One Iowa verified Level II facility requested that two verification cycles (six years) be allowed before transitioning to ACS-COT verification. Some members of the TSAC recommended one year for transition (which is consistent with the time provided to ACS-COT facilities to meet criteria when the criteria are updated on the national level). TSAC ultimately recommended a three-year period for the Iowa Level II facilities to transition to the ACS-COT criteria.

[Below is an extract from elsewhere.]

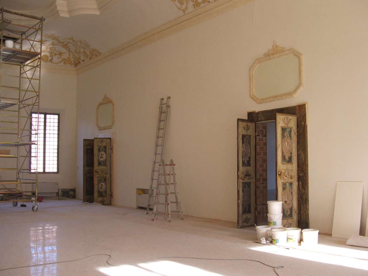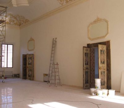Ripristino grandi spazi interni, ripristino degli scaloni principali, ripristino loggia e del terrazzo superiore lato est, ripristino della tipologia delle bucature esterne ed interne del grande androne passante del paino terra, riassetto dei volumi interni. L’intervento prevede quindi la realizzazione degli impianti tecnologici e delle opere di finitura interne ed esterne.

The Iowa Level II facility continued to advocate for six years to transition. The Department met with the requesting hospital face-to-face on two occasions and participated in several conference calls to find a compromise. The Department is proposing a four-year period, from the time of the anticipated effective date of these amendments, for the Iowa verified Level II facilities to transition to ACS-COT verification or to transition to an Iowa verified Level III or Level IV trauma care facility. The Department believes it to be a reasonable compromise to allow four years for facilities to recruit necessary medical staff needed to achieve ACS-COT Level II verification.
The Department is proposing amendments to Chapter 134 for the following reasons:
●ACS-COT criteria are evidence-based national standards developed by nationally recognized subject matter experts in the field of trauma. The "Resources for Optimal Care of the Injured Patient 2014" (6th edition) can be used as a consistent reference across Iowa's trauma system.
●Utilization of only ACS-COT teams to verify Level II trauma care facilities in Iowa will eliminate inconsistencies between ACS-COT verification teams and Iowa verification teams.
●Hospitals verified at each categorization level will have consistent criteria to meet as well as consistent resources and capabilities for that level.
The following is a summary of the proposed amendments to Chapter 134:
1.Throughout the chapter, references to hospital and emergency facilities are replaced with references to trauma facilities, where appropriate, and the terms resource, regional, area and community facilities are replaced with the appropriate level categorization designation I, II, III, or IV. Updates are made to the name of the bureau and its Web site address.
2.In rule 641—134.1(147A), definitions are added for "criteria deficiency," "final report," "governing body," "persistently occurring deficiencies," "trauma survey team," "type I criteria," and "type II criteria." Edits are made to the definitions of "trauma care facility," "on-site verification survey," and "verification."
3.In subrule 134.2(3), the "Resources for Optimal Care of the Injured Patient 2014" (6th edition) as published by the American College of Surgeons Committee on Trauma is adopted by reference.
4.New paragraph 134.2(3)"c" provides that trauma care facilities shall transition to the criteria outlined in the national reference "Resources for Optimal Care of the Injured Patient 2014" (6th edition) as published by the American College of Surgeons Committee on Trauma and provides the specific time lines for each level of trauma care facility to complete the transition.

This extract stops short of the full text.